▶ **Activity**
Reproduce, exactly and in full, the lines from the one with "Парта 120 см" through the one with "Фонарик свет на" in the data below; drop pictures.

▶ **Input**

════════════════════

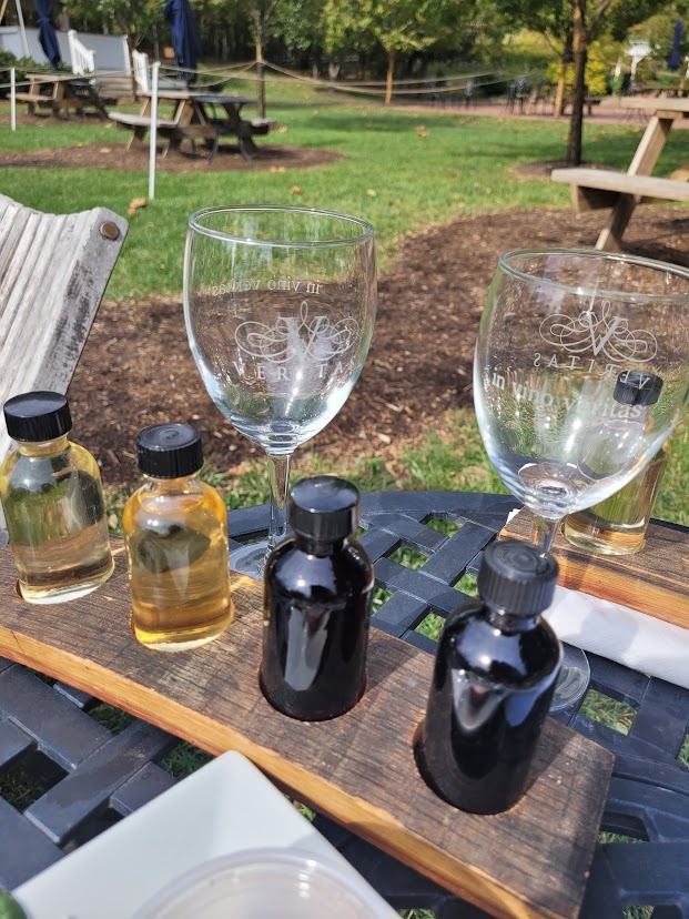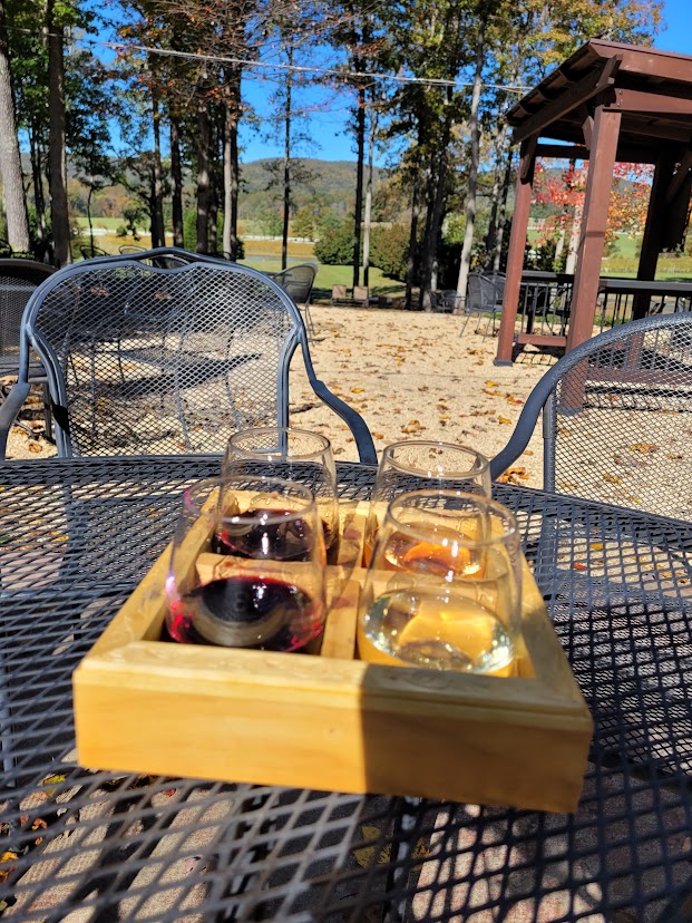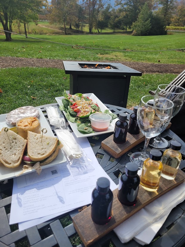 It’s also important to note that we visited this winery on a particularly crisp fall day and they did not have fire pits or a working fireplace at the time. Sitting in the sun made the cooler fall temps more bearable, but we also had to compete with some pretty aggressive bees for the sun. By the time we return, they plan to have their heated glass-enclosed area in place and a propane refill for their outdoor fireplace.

════════════════════

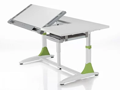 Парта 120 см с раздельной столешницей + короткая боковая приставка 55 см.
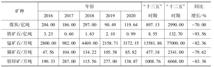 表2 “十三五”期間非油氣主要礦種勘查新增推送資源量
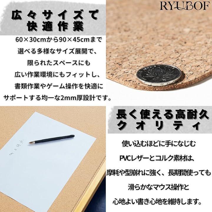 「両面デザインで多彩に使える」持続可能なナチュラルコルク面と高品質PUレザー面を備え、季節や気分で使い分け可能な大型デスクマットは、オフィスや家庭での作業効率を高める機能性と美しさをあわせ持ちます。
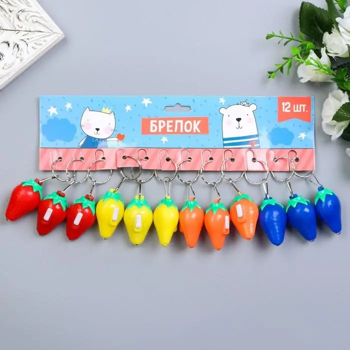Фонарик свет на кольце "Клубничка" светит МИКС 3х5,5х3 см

════════════════════

▶ **Solved exercise**
 Парта 120 см с раздельной столешницей + короткая боковая приставка 55 см.
 表2 “十三五”期間非油氣主要礦種勘查新增推送資源量
 「両面デザインで多彩に使える」持続可能なナチュラルコルク面と高品質PUレザー面を備え、季節や気分で使い分け可能な大型デスクマットは、オフィスや家庭での作業効率を高める機能性と美しさをあわせ持ちます。
Фонарик свет на кольце "Клубничка" светит МИКС 3х5,5х3 см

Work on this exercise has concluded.